Friday, December 08, 2006

Starting With Dennys

Oooooh, look. It's the all new revamped Blogger Meets Google interface. The font is suddenly larger. The HTML isn't showing. The little options have changed. And whoa, dude, we have tags! Yay, tags! Tags good.

Meanwhile. Let us move on to the actual post of the day, because today is the day that marks 15 years since my last (and pretty much definitely Last, failing some really strange turn of events that I cannot possibly imagine) foray through Labor & Delivery. 15 years ago today, the midwife told me to have a glass of wine and relax, because I wasn't dilating very fast. It was a Sunday in Baltimore and in an effort to be helpful, my husband tore off to get wine. He came back with all he could find given blue laws: some pink, fizzy stuff. Really pink, really fizzy. I had a glass of it anyway - it tasted like alcoholic fizzy bubblegum - and took a bath. When I stood up, water gushed out. "OMG," I said (well, not literally. OMG hadn't been invented yet.) "My water broke; we need to get to the hospital."
"Are you sure?" said my clueless SO. "I mean, uh, doesn't it do that every time you stand up out of a bath?"
If I hadn't of been in labor I would have fallen over laughing. "I've been a girl all my life," I said, "It doesn't work like a suction pump."

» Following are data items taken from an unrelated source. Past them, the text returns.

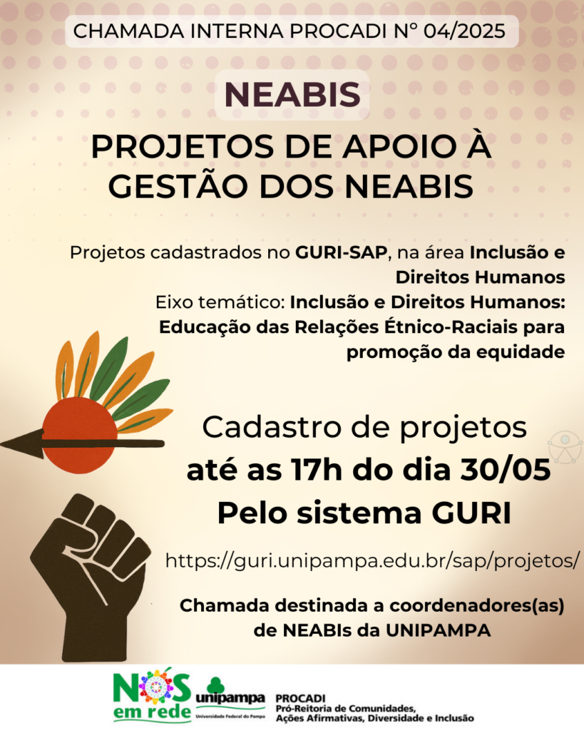 A Pró-Reitora da Pró-Reitoria de Comunidades, Ações Afirmativas, Diversidade e Inclusão da Universidade Federal do Pampa (UNIPAMPA) torna pública a seleção de bolsistas para o desenvolvimento de atividades híbridas (on-line e/ou presenciais) de apoio à gestão dos Núcleos de Estudos Afro-brasileiros e Indígenas (NEABIs).
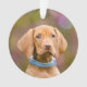 Un joven cachorro Vizsla de color rojizo se inclina curiosamente contra un tronco de árbol conocido. El húngaro o Magyar Vizsla es una raza de perro de caza. Una linda foto de perro tomada por Katho Menden. Este adorno de Navidad circular es una idea de regalo para los amantes del perro.
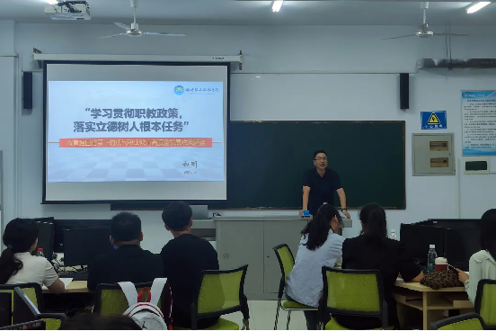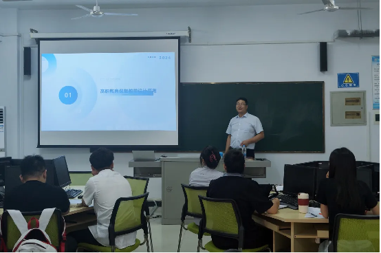 机电系李文涛主任从专业概况、专业详情汇报、专业特色与创新、存在问题及整治措施和新背景下逐步增加的汇报内容五个方面为大家讲解了如何说专业。医药系胡进中主任从高职教育课堂教学设计原则、课堂教学设计的具体内容及要求、职业能力实训项目设计、职业能力实训素材的选择与运用、项目教学过程控制几个方面为大家讲解了高职课堂教学设计及实训教学设计思路。商务系和刚主任从高等职业教育概念及发展沿革、职业教育重大政策演变的国家逻辑、落实立德树人、德技并修育人的目标要求及实实在在地把职业教育搞好”的发展方向几个角度为大家解读了教育强国背景下的现代职业教育高质量发展政策。三位系部主任平易近人,以深入浅出的方式跟大家们进行分享,也使新教师们获益匪浅。
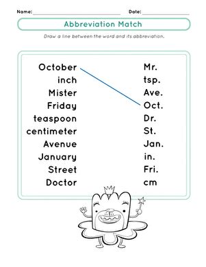 Web make an abbreviation book. Web give your second graders practice identifying common abbreviations with this fun matching activity in which students draw lines to match words to their abbreviations. Web use these worksheets to help students learn proper abbreviations for common words.
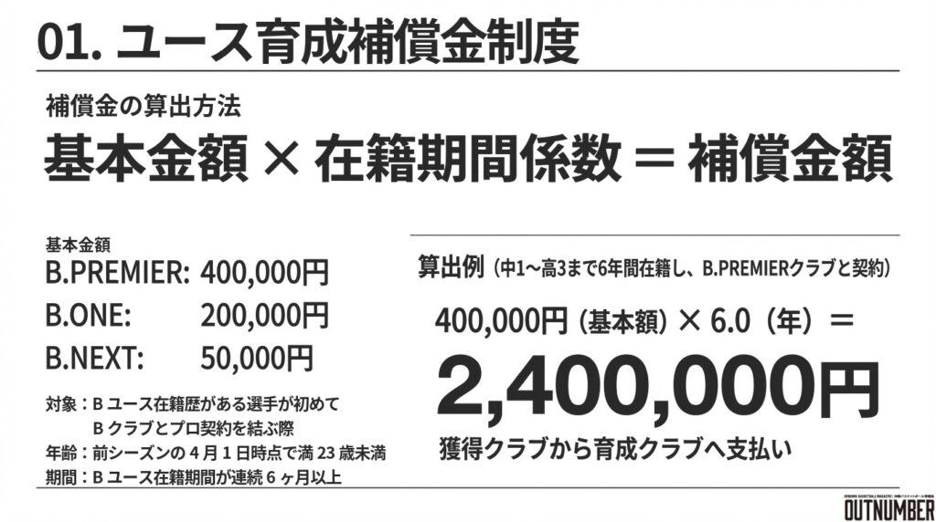 計算例: 中学1年生から高校3年生までの6年間、クラブAのユースに所属した選手が、B.PREMIERのクラブBとプロ契約した場合、計算式は「400,000円(B.PREMIERの基本金額) × 6.0(在籍期間係数) = 2,400,000円」となる。したがって、クラブBはクラブAに240万円の補償金を支払う。
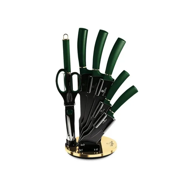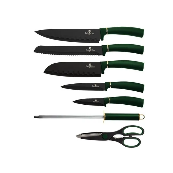 8 elementowy zestaw noży na stojaku firmy BERLINGER HAUS z serii Emerald. Przeznaczone do porcjowania mięsa i ryb, krojenia pieczywa oraz obierania i siekania warzyw. Noże ze stali nierdzewnej dodatkowo pokryte powłoką nieprzywierającą non-stick. Wyposażone w uchwyty pokryte bardzo trwałą cienką warstwą silikonu dla uzyskania pewnego trzymania w każdych warunkach.
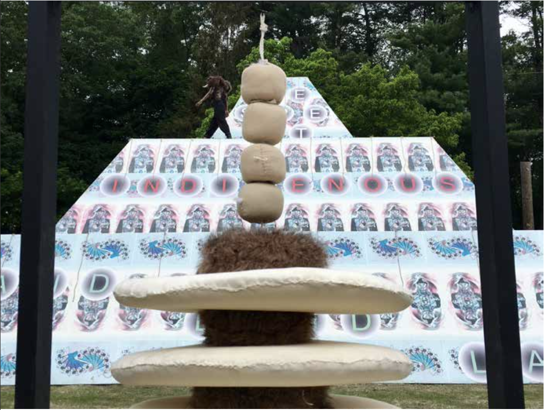 For Americans of European descent, the deep dive to understand the First Peoples of the Americas demands a deeper sense of history and time than we live with day-to-day. Jeffrey Gibson’s hollow, 21-foot-high ziggurat, encamped for the year on a grassy plain below the castle at the deCordova Museum, is here to acquaint us with our ignorance. A nearby sign pronounces a truth dating from 1492: “You are Standing on Native Land.” Gibson, a member of the Mississippi Band of Choctaw Indians and half Cherokee, has chosen the shape of a stepped pyramid to quote the giant, 100-foot-high earthwork hand-built by his Indigenous forebears at Cahokia, in what is now southern Illinois. This great city of the ancient Mississippian civilization scattered along the great river’s Midwestern tributaries, was larger than the Paris of its time. It hosted ritual gatherings, collected tribute and staged … [Read more...] about A GENEROUS PATTERN OF COLLABORATION: GIBSON USES DECORDOVA EXHIBITION AS LIVING BILLBOARD
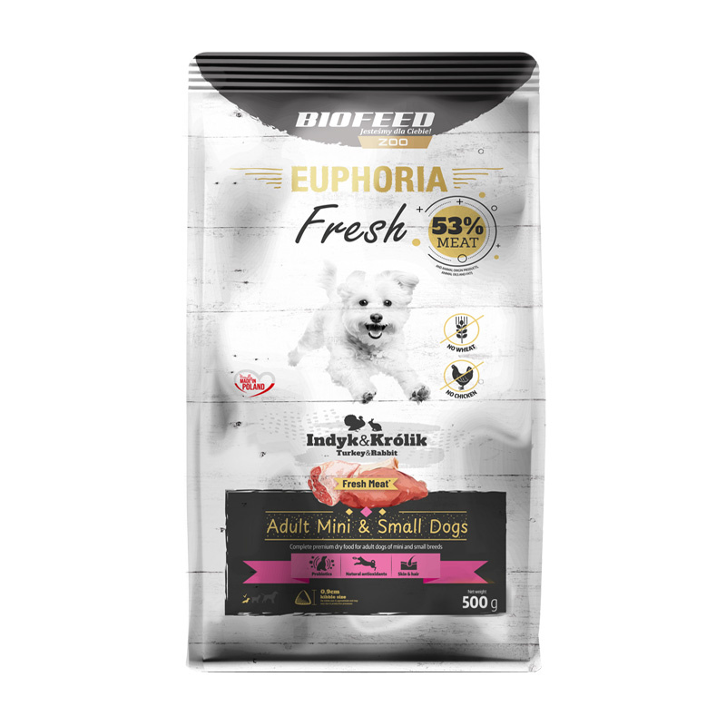 Biofeed Euphoria Fresh Karma sucha dla psów z indykiem i królikiem mini i małe rasy 500 g

So that was 15 years ago, and the small product of that day, who has grown a bit in the last decade and a half, wanted breakfast at Denny's, which is an unusual but entertaining way to start the day. I got him a top hat and some World of Warcraft gold, which is the other thing he wanted so that he can, and I quote, twink his character up and make other players feel bad about themselves. Then when I came home from work I made a cake and we ordered Thai food delivered from Blue Ridge To Go, which I must say is the most extremely coolest slick thing in Asheville that I had never tried before. Then we watched Barbarella, because we're just weird like that and then he went off with his friends while I stayed home to smoke cinnamon sticks. (no, I don't light them. They're my new, healthy cigarette-like friends. Shut UP. Five days, 22 hours, 26 minutes and 8 seconds. 59 cigarettes not smoked, saving $11.87. Life saved: 4 hours, 55 minutes.)

It's been a long strange 15 years and the whole birthday thing has made me muse rather philosophically on the meaning of life and what a good thing it is that we can't foretell the future. It's also reminded me that we really can't foretell the future: no matter how bleak and dreary and neverending today may seem, almost anything could happen tomorrow. Yes. Yes it could. A large anvil marked Acme might fall on your head or you could end up living in Asheville with no husband and a house full of teenagers. So have hope. Suicide is pointless. Things change. And kids grow up surprisingly fast.